## Given information
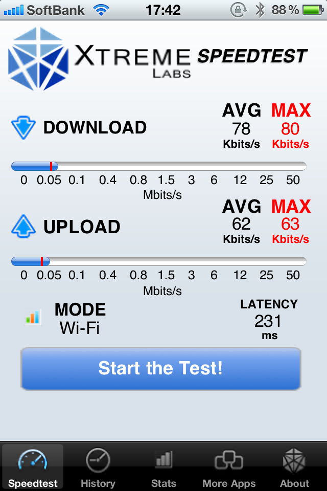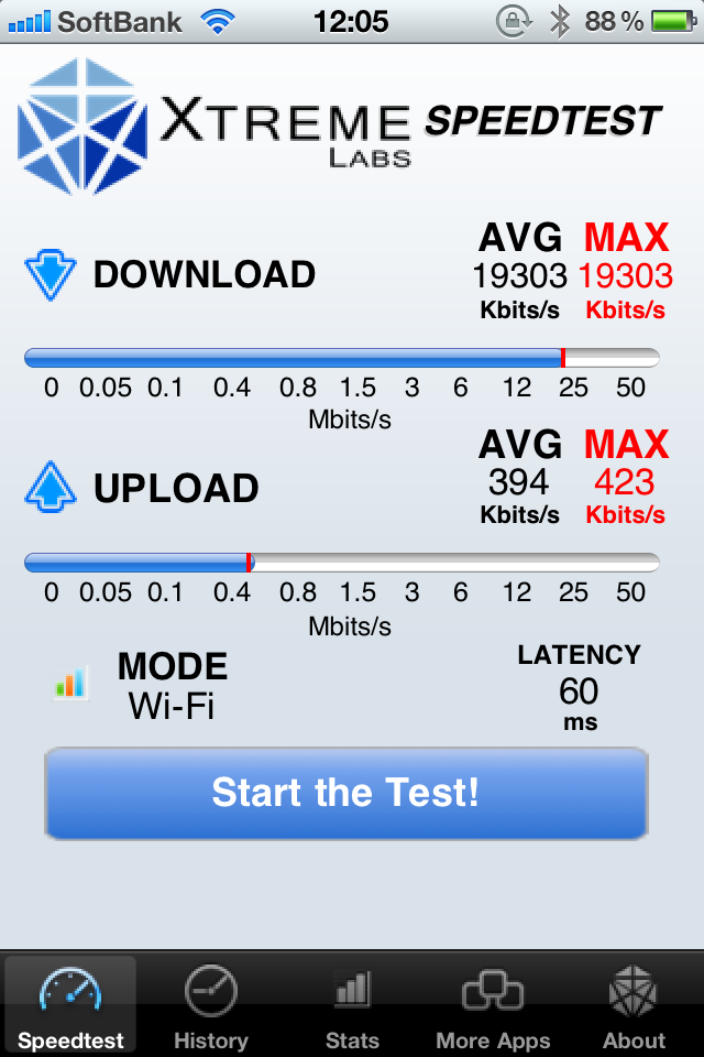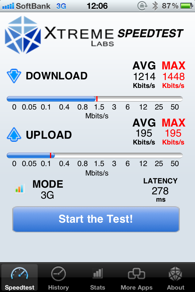 XTREAM LABS SPEEDTESTは、iOS用のスピード測定ソフトでは、低めに出るような気がします。
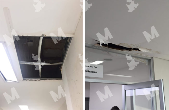 En cuanto al interior del hospital ubicado en la Unidad Habitacional de Agua Santa, la situación no es distinta, pues en varios pisos del edificio principal se pueden observar distintos desperfectos, como lo son la falta de plafones, grietas en los techos, pisos quebrados y rastros de humedad son evidentes en varios pisos.
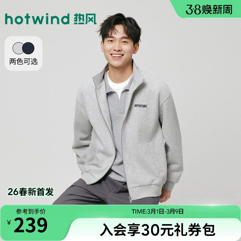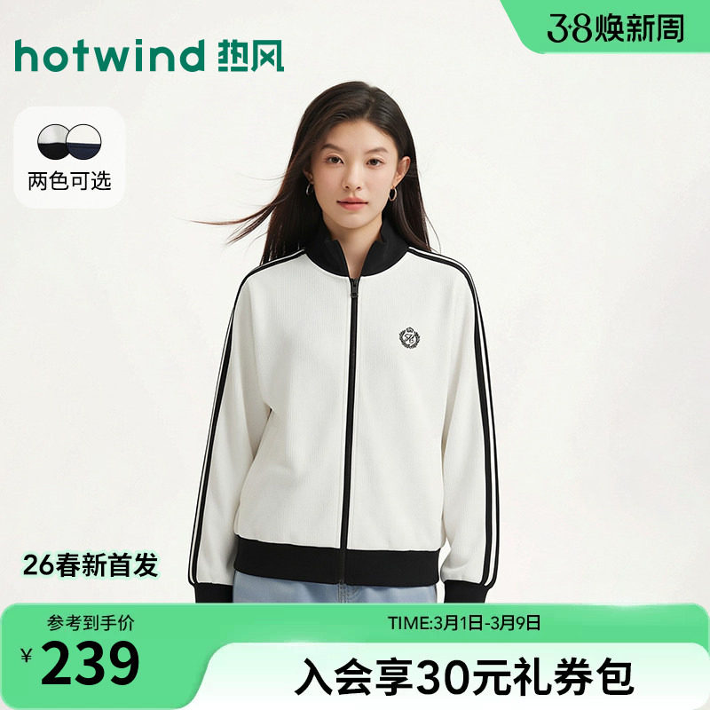 热风女士立领卫衣夹克外套上衣2026年春款开衫宽松拉链卫衣上衣

## Try it
Retype the data above in full, exactly as it stands, and skip any image.

## Result of the exercise
 XTREAM LABS SPEEDTESTは、iOS用のスピード測定ソフトでは、低めに出るような気がします。
 En cuanto al interior del hospital ubicado en la Unidad Habitacional de Agua Santa, la situación no es distinta, pues en varios pisos del edificio principal se pueden observar distintos desperfectos, como lo son la falta de plafones, grietas en los techos, pisos quebrados y rastros de humedad son evidentes en varios pisos.
 热风女士立领卫衣夹克外套上衣2026年春款开衫宽松拉链卫衣上衣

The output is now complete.